The endometriotic models were evaluated by three aspects: (i) ectopic lesions and peripheral angiogenesis were observed at the implantation area; (ii) endometrial glands and stroma were both observed in the lesions’ histologic examination; (iii) HLAA expressed in these ectopic lesions.

Observation of ectopic lesions formation

Mice using Ap. 1 were killed by cervical dislocation 1 month after implantation, while mice using Ap. 2 and Ap. 3 were killed 1 week after injection. The implantation positions were incised to entirely expose the implants. Then, we observed and examined the lesions and peripheral angiogenesis and collected images. A digital caliper was used to measure the length, width, and height of the ectopic lesions.

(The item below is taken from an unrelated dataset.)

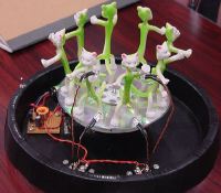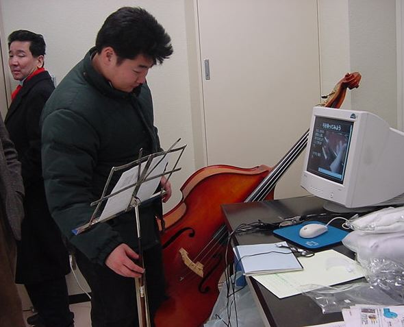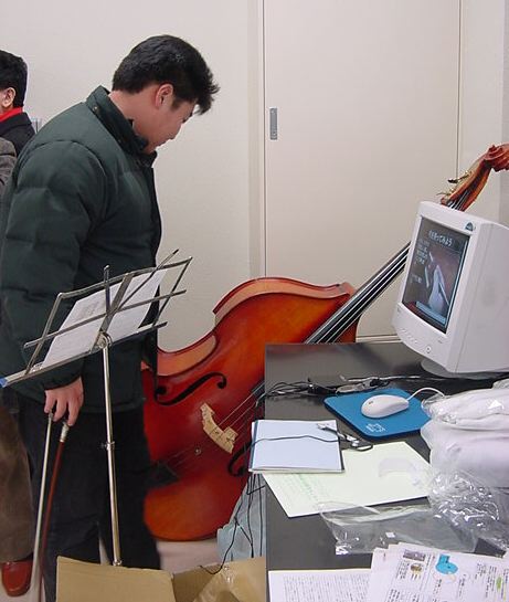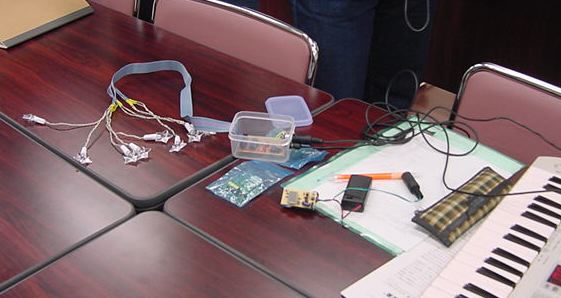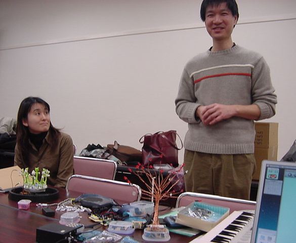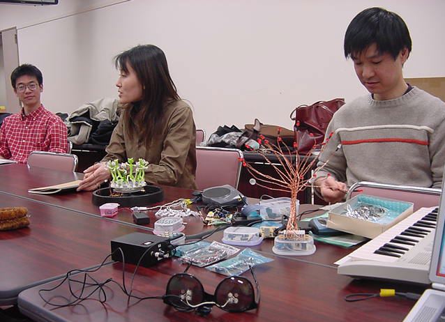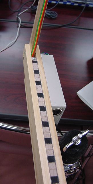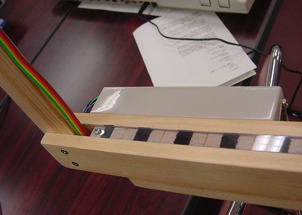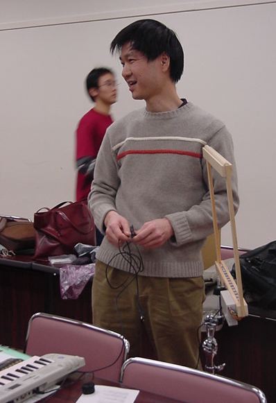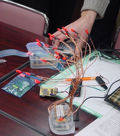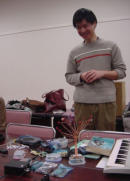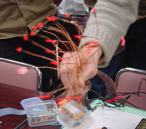 そしていよいよ、星合さんワールドのスタートです。まずは、長嶋作品「光の弦」を 意識してローコスト版としてPICで開発した「光の絃」です。 4ブロックごとにLEDを時分割点灯させ、PICがシリアルポートでなく 1ビットのラインを直接に上げ下げしてMIDIを出す、というところに こだわりがあります。またデフォルトで、弾かれたノートだけでなく 通奏低音のようなサウンドも付加することで、これだけでなかなか 「弾けて」しまう、という作品です(^_^)。 ★ ★ ★ ★ ★ ★ ★ ★ ★ ★ ★ ★ ★ ★ ★

Pathological structure of ectopic lesions using hematoxylin–eosin (H&E) staining

The implants were harvested carefully for histologic examination after H&E staining. The morphology of tissues, cells, and blood vessels could be observed in detail under a light microscope. It is noteworthy that our examination mainly focused on whether we could identify endometrial glands and stroma or not.

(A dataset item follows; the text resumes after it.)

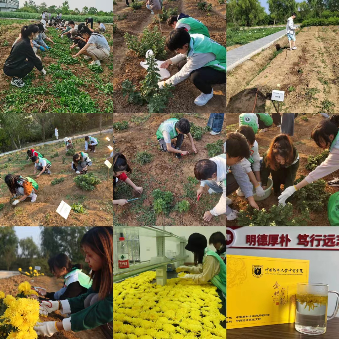 中药资源系党支部书记谢国勇介绍了金丝皇菊采摘、加工相关技术。金能明书记和同学们一起通过采摘、烘干等环节体验金丝皇菊干茶的制作过程,并一同品尝菊花茶,感受丰收的喜悦。

HLAA expression in ectopic lesions by immunofluorescent staining

HLAA is a specific protein of humans and it is not part of the organism of female nude mice. We used immunofluorescent staining of HLAA to identify whether the implants originated from humans10. Paraffin-embedded sections of the implants were dewaxed, antigen repaired, blocked, and incubated with HLAA antibody (1:100, Abcam, ab52922) in a humidified chamber at 4 °C overnight, then washed with PBS and incubated with the secondary antibody—Goat anti-Rabbit (Alexa Fluor®594) (1:200, Abcam, ab150080) for 2 h at 37 °C in the dark. After removing the secondary antibody solution and washing it with PBS, the cell nucleus was stained with 4′,6-diamidino-2-phenylindole (DAPI, Abcam, ab285390), and tissues were sealed with anti-fluorescence-quenching sealants. Fluorescence microscopy (Olympus) was used to observe and collect the official images.

Statistical analysis

Statistical analysis was carried out using IBM SPSS Statistics 21 software (IBM Corp, Armonk, NY). The experimental data are presented as the mean ± standard deviation (SD). One-way ANOVA analysis was used for the comparison among groups, and the Student’s t-test was used between the two groups. The threshold for statistical significance was established at P < 0.05.

Ethics approval and consent to participate

Experiments with human material were approved by the Institutional Review Board of Beijing University of Chinese Medicine Third Affiliated Hospital (BZYSY-2021KYKTPJ-12, Beijing, China). All participants signed informed consent. All animal experiments were approved by the Ethics Committee of Beijing University of Chinese Medicine (BUCM-4-2021042003-2131).